Según su madre, en 2012 Violeta se estuvo quedando a dormir en casa de un vecino de confianza de la familia, junto a su hermanastra. “¿Mami, tú te acuerdas del militar?, me preguntó, y me lo contó todo. Y me dijo que ocurrió más de una vez. Este hombre la cogía dormida y se la acercaba para hacerle tocamientos por sus… —Silencio—. Recuerdo cómo ese sinvergüenza, al día siguiente, me decía que habían estado viendo películas de dibujitos”. Sin embargo, la menor manifestó lo que había sufrido tres años después, por lo que las pruebas forenses no pudieron demostrar la agresión.

“Ella tenía miedo de contarlo, se sentía culpable… Y después se sentía responsable de todo lo que yo estaba pasando. Mi dieron ataques de ansiedad, no podía respirar. Veía la cara de este hombre todo el rato, me despertaba gritando… Estamos las dos muy afectadas”, expresa la madre de la pequeña. “Este hombre le ha descubierto la sexualidad de una manera equivocada, cuando lo tenía que haber descubierto ella misma…”, agrega. La familia denunció al vecino por agresión sexual en 2015, pero al denegarle una orden de alejamiento, dejaron de aparecer por el vecindario para evitar toparse con el presunto agresor de Violeta. Lo que jamás pensó su madre es que en marzo de 2016 volvería a denunciar a otro hombre por, una vez más, violar a su hija.

“Han sido tantas cosas, tantas injusticias, me he sentido tan desamparada…Te das cuenta de que estás sola…”

“La segunda vez me enteré yo ya como madre. La niña no me dice nada, sino que se lo sonsaqué porque tenía la intuición de que estaba pasando algo”, señala. Al parecer, según narra, Violeta le confesó que su profesor de equitación la intentó besar.

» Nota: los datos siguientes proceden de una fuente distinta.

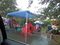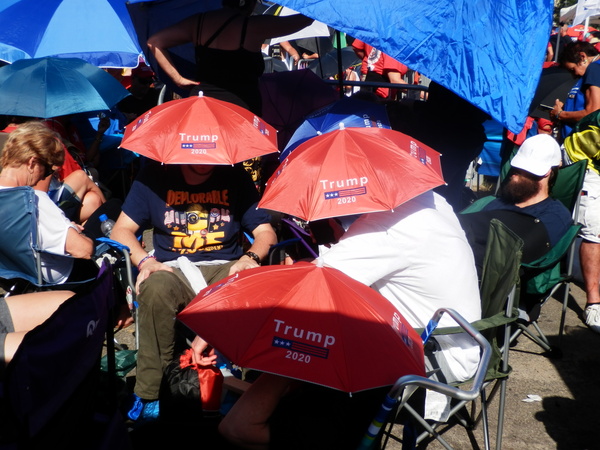 トランプ支持の傘をさして日差しを避けるトランプ支持者たち(海野撮影@フロリダ州オーランド)

Su madre entró en cólera y le dijo que se duchase para que se quitara el malestar. “Nadie más se va a aprovechar de nosotras”, le dijo su mamá. Ella, que no sabia la gravedad del asunto, decidió llamar a la Policía. Y cuando Violeta vio que los agentes estaban presentes, contó cómo su profesor la había violado por el ano.

“Es muy triste”, incide la mamá de Violeta con voz queda. La familia acudió a Comía a interponer una denuncia contra el profesor y al día siguiente al médico. Pero antes, en esa misma noche, “yo no quería estar en el campo, y le dije a los policías que me llevasen a otra casa, que no podía estar más tiempo en este sitio”. Los agentes la trasladaron, junto a sus tres hijos, a la Casa de la Mujer de Jerez, donde le dicen que no hay sitio para ella porque es solo para mujeres maltratadas. “A las nueve de la noche me vi sin nada y con mis tres hijos de la mano”. Además, cuando Violeta fue consultada por la fundación encargada de entrevistar a menores, Márgenes y Vínculos, no le dieron credibilidad a su testimonio. “Que la niña se lo estaba inventando todo, decían”, hasta que las pruebas forenses revelaron que había semen en la ropa interior de la pequeña.

La mamá de la menor presuntamente violada denuncia que las ayudas para las mujeres maltratadas “son solo cuando eres mayor de 16 años, si eres menor, no te corresponde nada”, y es que desde que ocurrió todo Violeta va todas las semanas al psicólogo, atención que tiene que costear ella misma. “La psicóloga dice que ahora se pone un escudo para no ver la realidad, pero que luego, con los años, le terminará afectando. Hoy ella lo lleva por dentro. Y ahora, después de cuatro años, le van a hacer revivir otra vez todo. Es para decir, mira, me tomo la justicia por mis manos”, concluye su madre.